Lecture 18
Galaxies
Thursday July 31, 2008
Slides on Angel
Concepts:
- Rotation curve: Not only indicates presence of dark matter, but also tells us how it is distributed
- Spiral galaxies: Dust, cold gas, bluish because of star formation; have bulge, disk, halo. Sa larger bulge, more tightly wound than Sc. Can be barred.
- Elliptical galaxies: Not much dust, reddish because lack ongoing star formation, so blue stars already dead and gone. E0 is spherical, E7 looks like cigar.
- Lenticular galaxies: Have disk but no arms or star formation, lack dust/gas in disk
- Irregular galaxies: Often look like shredded spirals, or else remnant of collision or intense star formation
Vocabulary:
- Microlensing: Dim object briefly lenses and brightens light from background source when they line up exactly; use to find dim objects
- Hubble tuning fork: Proposed as evolutionary scheme, still useful to categorize galaxies
- Tully-Fisher relation: Luminosity of spirals related to rotation speed; faster rotation means more luminous
Activity:
None
Random link:
Excerpt from Scientific American article titled "Scientists Confirm Liquid Lake, Beach on Saturn's Moon Titan"

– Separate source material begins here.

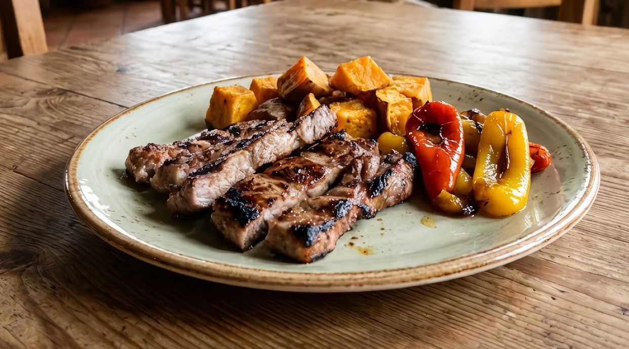 Selección de verduras de la huerta asadas a la parrilla con cebolla, tomate, calabacín, berenjena, espárragos verdes, pimiento verde y pimiento rojo.
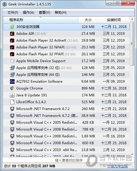 2.界面简单,使用方便。这个软件只有一个主界面。windows中所有已安装的软件会全部显示在这里,而所有和卸载有关的功能都集中在右键菜单中。

Just in time for a summer holiday, scientists have discovered the solar system's newest beach destination. Too bad there's no way to get there - at least not easily. Researchers report in Nature today that they identified a dark liquid lake, surrounded by a lighter shoreline and a "beach," on the surface of Saturn's moon Titan. The foot-shaped lake is the first verified extraterrestrial body of liquid, and is likely filled with hydrocarbons, simple compounds also common on Earth.
"This is the first definitive evidence for both liquid and liquid hydrocarbons on Titan," says lead study author Robert Brown, a professor of planetary science at the University of Arizona's Lunar and Planetary Laboratory (LPL) in Tucson.